My hand flew out, a blur of motion, slapping her across the face. Again. And again. I didn't stop until my hand stung, until her face was red and swollen. I was screaming, incoherent words of fury and grief, my body shaking with unleashed rage.
And then, he was there. Armand. He burst through the door, his eyes falling on me, my hands still raised, on Cassandra, crumpled and sobbing on the floor. He didn't hesitate. He rushed to Cassandra, pushing me aside with brutal force. My pregnant body slammed against the sharp edge of the coffee table. A searing pain ripped through my abdomen.

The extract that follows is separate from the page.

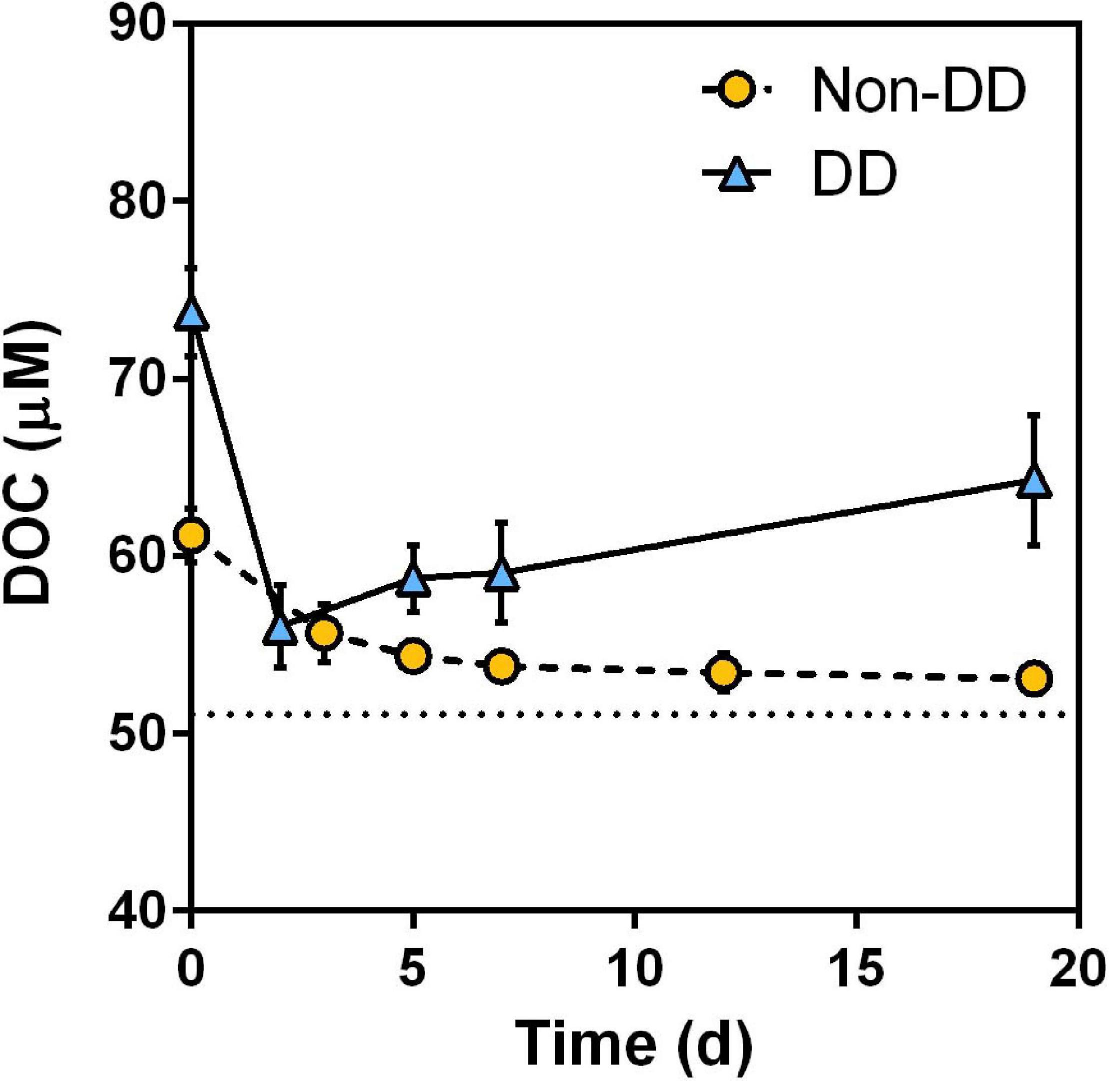 At the start of the experiment, immediately after the resuspension of POM from the light incubations into the mesopelagic water, DOC concentration of both treatments showed a sudden increase proportional to the added POC when compared to the mesopelagic water DOC (Figure 3). Then, DOC concentration of each treatment behaved differently; while DOC exhibited a consistent decrease in the non-DD treatment throughout the experiment, DOC concentration in the DD treatment experienced a pronounced initial drop and then it increased for the remaining of the experiment. Throughout the experiment, DOC concentration of both treatments remained above that of the mesopelagic water without the addition of particulate material, which showed no significant variation between the start and end of the experiment (t-test, p = 0.33).

He stood over us, his face a mask of cold fury. "Look at you," he sneered, his voice dripping with contempt. "All of you. Pathetic. Everything you have, everything you are, I gave you. And I can take it all away. Don't think for a second you have any power here. You are nothing without me."
He scooped Cassandra into his arms and walked out, leaving me bleeding on the floor, my parents crying hysterically, and Barton staring into the abyss.
My head throbbed. The pain in my abdomen intensified, a deep, sickening ache. Barton, his eyes burning with a terrifying light, rose to his feet. "Armand!" he roared, a guttural sound of pure vengeance. He lunged towards the door, driven by a primal need for retribution.
"Barton, no!" I screamed, a wave of terror washing over me. I tried to stand, to stop him, but the pain was too much. The world spun. I felt a warm gush between my legs. My knees buckled. I crumpled to the floor, my head hitting the cold tile with a sickening thud.
The last thing I remembered was my mother's terrified scream, and then the blessed darkness claimed me.